Vicenza was home to many silver- and goldsmiths, so it has a reputation for fine jewelry in addition to the fine arts. It was usually under the influence or protection of neighboring Venice, and the Venetian link is obvious.

The winged Lion, characteristic of St Mark, and Venice
Street scene

The weather was c-c-c-cold. Judy noticed it last year; this year it hit me: we’ve acclimatized to Mexico. As in, we don’t do “weather.” In Mexico, it is always sunny and warm. There is always around twelve hours of daylight per day (actually, between eleven and thirteen, but just). There are only two seasons and only one that needs a raincoat or umbrella, and then mostly in the evening. Vicenza is in the far north of Italy, within site of the Dolomite Alps, so we have overnight lows in the twenties and daytime highs in the forties: brrrrr. We didn’t mind wearing masks everywhere, as it covered our otherwise-exposed faces!
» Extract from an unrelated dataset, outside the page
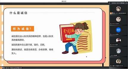 期末考试前夕,为加强同学们的诚信教育,2019级通信工程、电子信息专业在各班班委精心组织下,分别利用腾讯会议平台线上开展了“诚信考试从我做起”主题班会。

Speaking of masks, Italy re-entered the Omicron wave of the pandemic while we visited, so mask wearing (even outside) became the rule. All stores/restaurants/museums asked for the Italian Green Pass (which is not available to tourists) but accepted our CDC card in its stead.
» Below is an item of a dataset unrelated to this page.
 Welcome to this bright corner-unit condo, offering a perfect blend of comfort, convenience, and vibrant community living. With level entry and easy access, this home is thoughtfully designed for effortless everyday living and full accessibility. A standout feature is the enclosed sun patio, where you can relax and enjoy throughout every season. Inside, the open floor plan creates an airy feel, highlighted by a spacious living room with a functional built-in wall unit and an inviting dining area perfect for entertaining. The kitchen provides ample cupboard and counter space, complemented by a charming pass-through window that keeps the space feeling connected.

We look forward to visiting the our family (and the region) again when it’s short-sleeve weather!

The Cathedral and old city, with the Alps in the background

3 thoughts on “Vicenza, Italy”

  1. Delightful! Pigafetta is now stored in permanent memory for the next time I’m dragged into pub trivia.

  2. Can’t say enough good words about Vicenza! Raleigh was assigned there for a year and I visited twice, staying more than two months. So many great memories and I hope to return!

  3. Happy New Years, Pat. I enjoyed your Christmas travelogue so immensely that I read it twice. My wife is half Italian/Sicilian, but we made to Italy only twice. The second was Venice to pick up a cruise down the Adriatic to Ephesus and parts in between in 2014. The first…I will never forget. It was September 1970. Stationed in Munich with the 66th MI Group, Lorna’s recently widowed mother and her 15-year old sister came to visit us. We had a one room (you read that right) apartment “on the economy,” as we used to say. Buddies and I hauled in a second big bed and it worked out. After a week, we took off for two weeks in our orange VW Squareback. Through the Alps to the Dolomites: precipitous possible plunges off cliff roads with no guardrail. Didn’t see a thing: eyes glued to the road and hands knuckle-gripping the wheel. Destination: Vicenza. It had cheap gas for servicemen with gas cards. I pulled to the pump, guy came out and began asking questions. Didn’t know a bit of Italian but the numbers. Could not make myself understood. My MIL rolled down the rear window and started spurting Italian. I asked her what took her so long. The car got filled. She said she only spoke pidgin Italian but was afraid it wouldn’t help. Wrong. Born in the US but used Italian as a kid helping in the family grocery business in DC. One brother born on the boat coming over. For the next 12 days her Italian came in handy. We never saw the beauty of Vicenza. Thanks for the wonderful tour.